Wes raised an eyebrow. ‘‘You mean this is the Catlin ranch’s security?’’

Gideon nodded. ‘‘I call them the Old Guard. They may be crippled and all used up, but one thing you got to know. To the man, they’d die for Victoria… or kill for her.’’

Wes pushed back from the railing. ‘‘Take me to meet these heroes.’’

As he walked down the stairs, he thought of what happened to a man who had no family when he aged. These men weren’t farmers. Their skills had kept them alive long enough to leave them starving when their fists no longer struck hard and their aims wavered. No one else would have hired them. There weren’t enough homes to take in orphans, much less the aging loners and warriors. Old women were valued for all they could do to help, but who would value an old buffalo hunter or frontier fighter?

Wes met them one at a time. Listening to their stories, remembering their names. He could see it in their eyes, in the strained hardness of their handshakes. These men were an army. They didn’t need a commander. They only needed direction.
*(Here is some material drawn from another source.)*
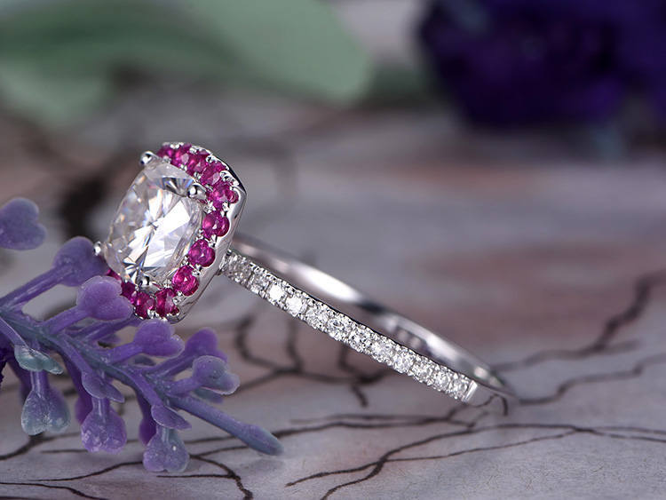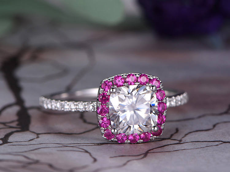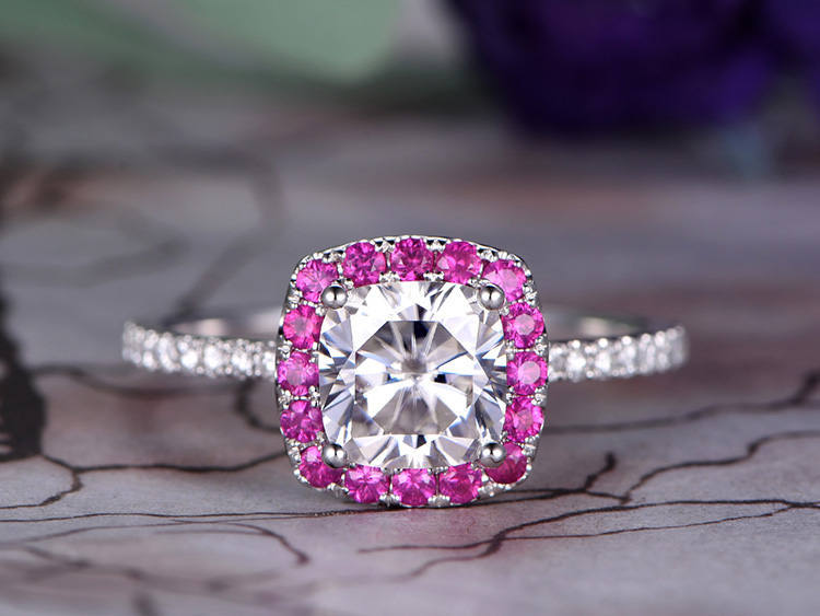 2ct Cushion Cut Diamond Engagement Ring Pink Sapphire Halo 14k White Gold Finish

Each would man his post until the end of his watch.

Wes stepped up on the edge of the fountain and raised his hands. ‘‘Thank you for coming so quickly to my aid.’’
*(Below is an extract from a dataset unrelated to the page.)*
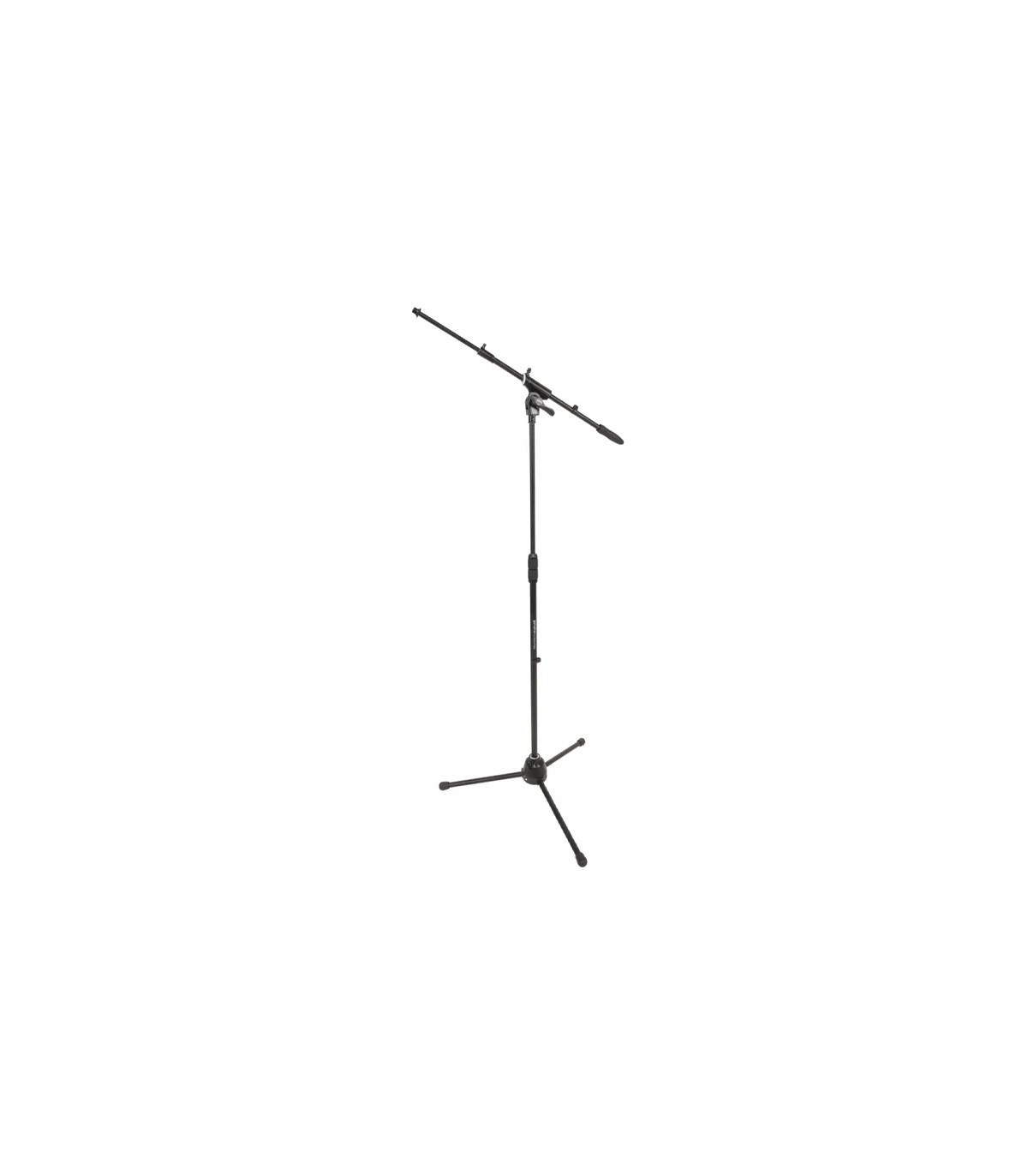 Soporte de micrófono boom telescópico profesional con base de trípode, articulación superior de aluminio fundido a presión y tubos de acero grueso para una estabilidad óptima. El nuevo concepto de articulación superior presenta componentes ergonómicos y de alta calidad que aumentan la fricción y permiten ajustes precisos. También incluye un manguito central de aluminio fundido cubierto con goma "soft-grip" que permite un agarre firme para un ajuste de altura fácil y seguro. Equipado con una rosca de 3/8" con adaptador de 5/8". Disponible en negro mate.

‘‘We didn’t come for you!’’ yelled a barreled-shaped man with gun belts crossing his chest. ‘‘We come to protect Miss Victoria.’’

Several others nodded.

Wes took a deep breath. This wasn’t going to be easy. ‘‘I’ve outlined a plan of defense.’’

‘‘Don’t need no plan!’’ A bald warrior who looked like he ate men for breakfast grunted. ‘‘We know what to do, sonny.’’
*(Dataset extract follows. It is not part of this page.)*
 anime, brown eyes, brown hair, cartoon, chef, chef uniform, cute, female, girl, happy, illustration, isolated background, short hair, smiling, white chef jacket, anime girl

‘‘Yeah,’’ another complained. ‘‘We don’t need no pup of a Yank telling us nothin’.’’

‘‘But I was a captain in-’’ Wes began.

‘‘And I was a colonel when you was still having your mama hold you out the window to drip.’’

The crowd laughed. These men were loners who balked at suggestions. Who knows, Wes thought, they might shoot at a direct order. He didn’t feel like being used in target practice.

Anger boiled in Wes. He needed their help, but his pride wouldn’t let him beg, and he’d be a fool to bully. None of them looked like they had a heart anyway. He’d been wasting his time. ‘‘Look!’’ he yelled. ‘‘Trouble’s coming.’’

If he’d expected to alarm them, he was greatly disappointed.

‘‘Trouble’s always coming!’’ hollered a one-eyed man who called himself Dillon.

Wes glanced at the man to argue, but found himself trying to decide which side of Dillon’s face was uglier-the side with an evil eye staring him down, or the one with a sunken socket.

‘‘Trouble’s my middle name,’’ Slone, the one whose bullets hung in anXacross his chest, answered. ‘‘I’m already here.’’

‘‘I’ve been itching for a fight so bad I done scratched to the bone,’’ another shouted. ‘‘If there’s gonna be fighting, ain’t nobody better kill them all before I get my shot.’’

Several agreed that, if they were attacked, each man only got to kill one until every man had had a turn. Each suddenly seemed to feel the need to describe a killing he’d participated in.

‘‘Young fellow, you go on in with the women,’’ ordered the one who called himself a colonel. ‘‘We’ll take this watch.’’

Wes fought the urge to slug a man old enough to be his grandfather. In the army, the bars on Wes’s shoulders had always won him respect. But now, he didn’t have the time to figure out how to unite them. They began moving away, talking in small groups, paying no more attention to him.

Wes felt a small hand slip into his. He looked down into Allie’s tired blue eyes. He’d left her asleep in a chair. Sleep still drifted across her face, along with worry.

‘‘What’s wrong?’’ He guided her onto the step.

‘‘The sheriff is asking for you.’’ She didn’t turn loose of his hand. When she moved beside him, her body brushed his.